Proposal to extend the "Citation" API object with more details

I’d like to propose extending the “Citation” API object with detailed information that can help confirm the claim that this citation conveys. From browsing the API, it looks like at the moment, when I’m creating a Citation object, I can only pass the URL that confirms this claim. In the UI, when I’m adding a citation, it looks like I can provide more detailed information by selecting the type of citation, such as web page, or a news article etc. It seems that it is creating a “Source” object at the time that I don’t see in the API, so there’s a chance that what I’m about to propose already exists out there.
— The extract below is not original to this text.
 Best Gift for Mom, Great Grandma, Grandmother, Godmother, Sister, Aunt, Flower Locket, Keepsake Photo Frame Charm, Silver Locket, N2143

I think it would be useful to let API users pass detailed predicate extraction definitions for website Sources. This extraction definitions should present the list of steps necessary to gather information necessary to confirm a predicate. It could be as simple as “Step 1: Open a URL, Step2: Extract element from page”, or much more elaborate.

I think it would be useful to follow some open definition for such steps. Personally I think [Playwright](https://playwright.dev/) test case definitions could be a good starting point for such definitions. That way API users could provide web automation scripts that evaluate to expected predicate value. If the knowledge graph can be built by automated agents, such agents should be able to provide a detailed description of how they derived this knowledge.
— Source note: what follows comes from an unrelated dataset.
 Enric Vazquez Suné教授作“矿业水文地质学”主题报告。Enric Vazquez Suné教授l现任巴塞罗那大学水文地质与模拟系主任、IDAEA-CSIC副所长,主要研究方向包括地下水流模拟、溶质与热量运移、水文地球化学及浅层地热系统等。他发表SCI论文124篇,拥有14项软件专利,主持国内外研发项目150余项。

Playwright tests are interesting choice here for two reasons:

  • The test case definition language that allows building complex web automation configurations.
  • The [Playwright TraceViewer](https://playwright.dev/docs/trace-viewer) allows recording all the tracing information helping confirm the state of the website of the execution of this trace, and it allows visual playback of this tracing information. Such a replay could be presented to validators as a means of confirming the triple.

Having such detailed information also has an advantage of being able to detect when a citation stops evaluating to the value of a predicate, potentially giving a signal about potential changes in the knowledge graph. This signal could be a valuable information for future agents to act upon.

1 Like